Friday , 29 March 2024

Khamenei’s High-Profile Hooligans Threaten the Critics

Iranwire – Figures close to of the Supreme Leader of the Islamic Republic have been boasting about the Guardian Council’s mass disqualification of election candidates.

Saeed Ghasemi, a pro-Khamenei extremist, has assured his supporters that nothing will happen as a consequence of the expulsions. He also told reformists and supporters of Mahmoud Ahmadinejad not to dare take to the streets.

Meanwhile, Mehdi Ta’eb, the head of the Ammar Headquarters and brother of the head of the Revolutionary Guards’ intelligence service, has also strongly criticized critics of the Guardian Council, including Sadegh Larijani.

Ta’eb added that the “president of the revolution” was someone who, when the Supreme Leader said that a given course of action was wrong, would fully accept it and follow the Leader’s prescribed path instead.

Morteza Aghatehrani, who was formerly close to Ahmadinejad, has also warned would-be demonstrators: “The regime will not allow you to do that. They tolerate you a little up to a certain point, but after that, it will crack down on you.”

In addition to being euphoric at the barring of all but the most hardline elements from the vote, Khamenei’s entourage fears for the future. Ever since the November 2019 protests, the landscape has been unpredictable and there are ongoing concerns about further unrest.

Saeed Ghasemi’s remarks in particular  served as a warning to Mahmoud Ahmadinejad not to haul his supporters into the streets. Ahmadinejad is unlikely to have the will or determination to do so in any event, but the supporters of the Supreme Leader may see in him the greatest likelihood of rebellion.

Military commanders and those close to the Revolutionary Guards, on the other hand, have remained silent.
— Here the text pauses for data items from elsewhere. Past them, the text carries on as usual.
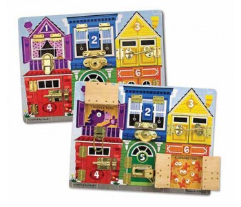 Undo a lock or latch, swing open the numbered door and count on finding fun when the picture beneath is revealed on this wooden play board and educational toy! Build fine motor skills while learning colours, numbers, animals and more!
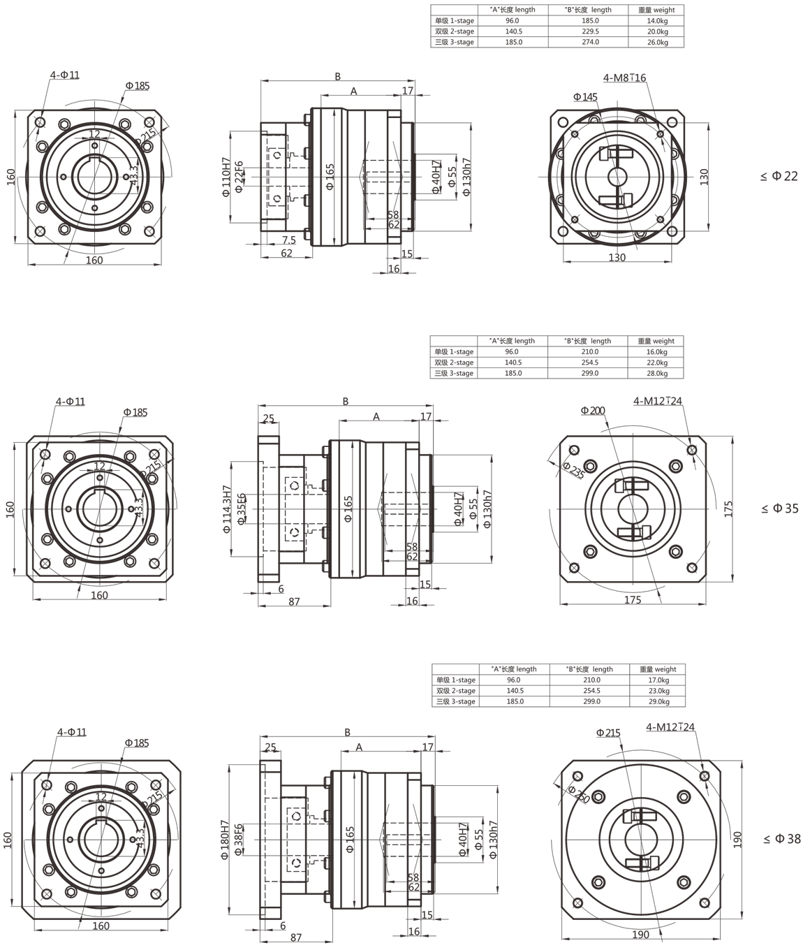 二级传动:15、16、20、25、30、35、40、50、70、100 |
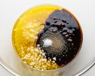 Bir kasede zeytinyağı, rendelenmiş sarımsak, limon suyu, nar ekşisi, tuz ve karabiberi karıştır.
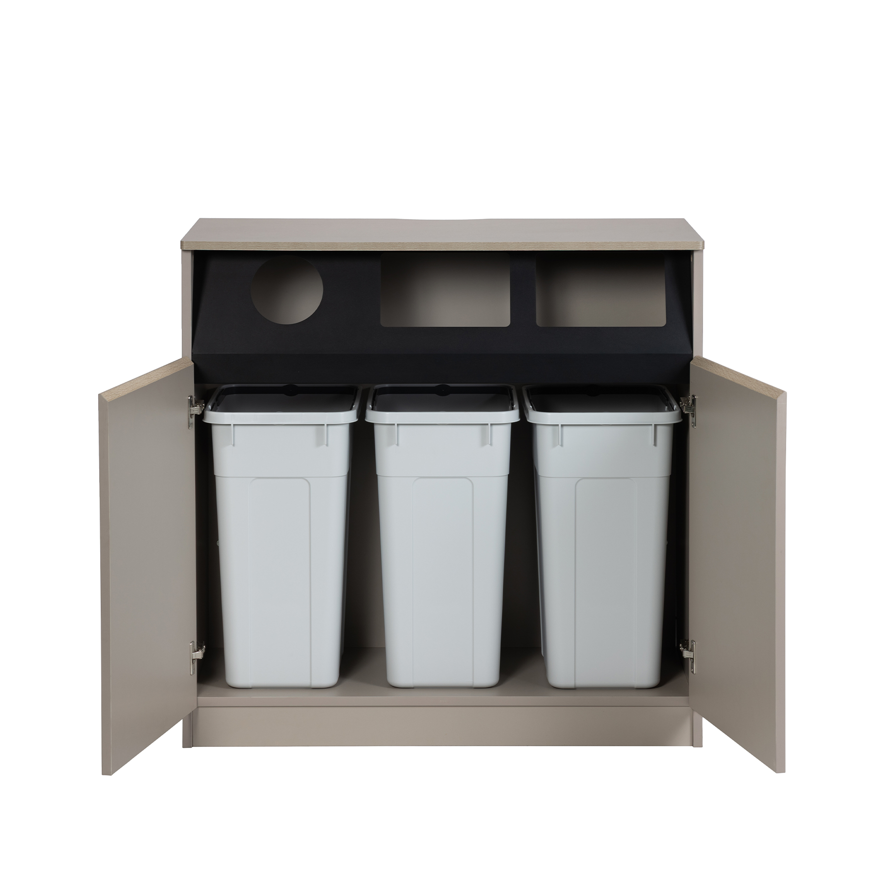 NOMUSS TRUSH BOX Beige ノーマス トラッシュ ボックス ベージュ DESK, STORAGE Brand Size W1000 D500 H1000 Material Melamine, Steel Price ¥94,000 without Tax qty 見積リストに追加 ※ゴミ箱45Lサイズ3個収納可能(ゴミ箱本体は付属しておりません) PRODUCT DATA SHEET

The IRGC revealed some of its internal differences during the early electoral campaign and vetting by the Guardian Council. Aside from the power struggle between Mohammad Ali Jafari and Hossein Salami, two and current IRGC commanders, many in the ranks fear that based on recent behavior, the Guards’ own brigadier general Saeed Mohammad has the potential to become another Ahmadinejad.

Ebrahim Raeesi’s candidacy has put an end to these disputes for the time being. With the closing-off of the presidential race to serious competitors, Ayatollah Khamenei has copied his approach to foreign policy in domestic politics by laying out his intentions upfront, instead of clashing with disillusioned elements later.

A nosedive in participation is likely to be one unwanted outcome. But Khamenei’s entourage do not seem to worried about this either, with all eyes on negotiations with the West over the JCPOA and regional policies instead of the internal political weather. The root of the people’s dissatisfaction, it is assumed, is economic problems and little else.

Boorish conservative MP Ali Motahari has also hit back against early dissenters: “Right now,” he said, “some believe that we are transforming from an Islamic Republic to an Islamic government, and that this widespread disqualification has taken place for this reason. Some within the government are seriously seeking Islamic rule because they consider the people’s vote to be decorative.”

He added that the unification of ruling powers “might even be in the interest of the country”, because a mixed or more reformist-leaning parliament would face pressure from the unelected institutions under the Supreme Leader.

In this way, some Iranian political figures see the exclusion of all the main assumed 2021 challengers as the starting point for a larger project: one that could, in time, even lead to alterations to the Constitution or Iran’s decision-making structures. This, though, is also likely to compel popular unrest, especially if the outcomes are not favorable enough to the people.

The question remains as to whether any government under Ebrahim Raeesi will be able to quell the rising tide of dissatisfaction. Tubthumping speeches and handing out money, as in the Ahmadinejad era, is not likely to suffice anymore. But Khamenei and his entourage still seem convinced that the Iranian people will, in the end, accept a monopoly of power.